Moog offers improved safety of its leading-edge wind turbine pitch system technology certified by TÜV Rheinland to lower cost of energy

Wednesday, October 18, 2017 by Moog Industrial Group

Moog (NYSE: MOG.A and MOG.B), a designer and manufacturer of high performance motion control products, solutions, has earned a safety certification from TÜV Rheinland for the new Moog Pitch Servo Drive 3. TÜV Rheinland is a global testing service provider and specialist for functional safety. Moog's new Pitch System 3 is responsible for guaranteeing the safe operation of wind turbines. The feathering safety function supplied by the Moog Pitch System 3 Servo Drive alters a wind turbine's blade pitch at the rotor hub to minimize the torque applied by the wind, avoiding excessive speed of the turbine. As a result, the pitch servo drive is classified as a safety component.

"The safety built into Moog Pitch System 3 helps wind farm operators in three important ways," says Dr Tobias Theopold, technology development manager business unit wind, for Moog. "The technology avoids hazards from the wind turbine and therefore lowers the insurance fees for a wind farm operators. As the safety related development of Moog Pitch System 3 required an IEC 61508 and 13849 compliant V-model process including intensive failure insertion testing, this also boosts reliability of the overall product, which of course lowers downtime and reduces the Levelized Cost of Energy."

Moog established the benchmark for safety with its previous versions of the Moog Pitch Servo Drive when these were certified by TÜV Rheinland in 2012. With the Moog Pitch Servo Drive 3, Moog has received independent validation that this product will also perform outside the specification at extreme environmental conditions and in cases of unexpected failure.

Along with certifying the safety of its new servo drive, Moog improved the architecture of Pitch System 3 to meet IEC 61508 and ISO 13849, standards governing wind turbine safety.

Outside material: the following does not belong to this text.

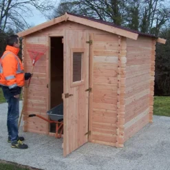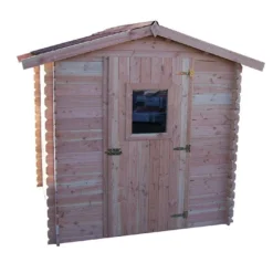 Les parois de ce chalet de jardin sont constituées de madriers de 20 mm d’épaisseur qui s’assemblent avec rainures et languettes. Ces lames sont biseautées pour un aspect esthétique et leur coupe chalet permet un assemblage des parois en angle plus solide et parfaitement étanche. Les parois possèdent une hauteur de 1,79 m.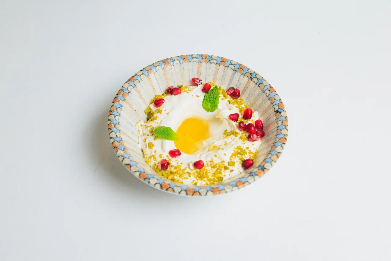 Сыр креметте, сметана, лимонный сок. Украшается фисташками, гранатом, оливковым маслом и листьями мяты.

First, Moog's engineers provide a safety function referred to as Safe Feathering Run (SFR), which automatically moves and stops a turbine's blades in the feathering position. Second, Moog included a Safe Stop function called (STOP1) to arrest the motion of an individual blade during manual movement of the blades. The Safe Stop function meets the ISO 13849 standard that addresses the requirements that blades must not perform an unintended move when people are working inside the wind turbine's hub.

"To protect a wind turbine against overvoltage from the grid and lightning strikes, we included a new component called the Moog Pitch Interface Module," adds Theopold. "Our new interface module is a firewall to protect the blades against extreme environmental conditions and so called common cause failures (CCFs). These failures are most critical because they can affect each of the pitch axis and therefore can put turbine safety on risk."

Moog also asked lightning protection specialist DEHN to test Pitch System 3 (including its servo drive and interface module) inside a high voltage lab subjecting the system to multiple lightning strikes reaching more than 260,000 amps. Afterward, the system was still fully operational and performed a Safe Feathering Run.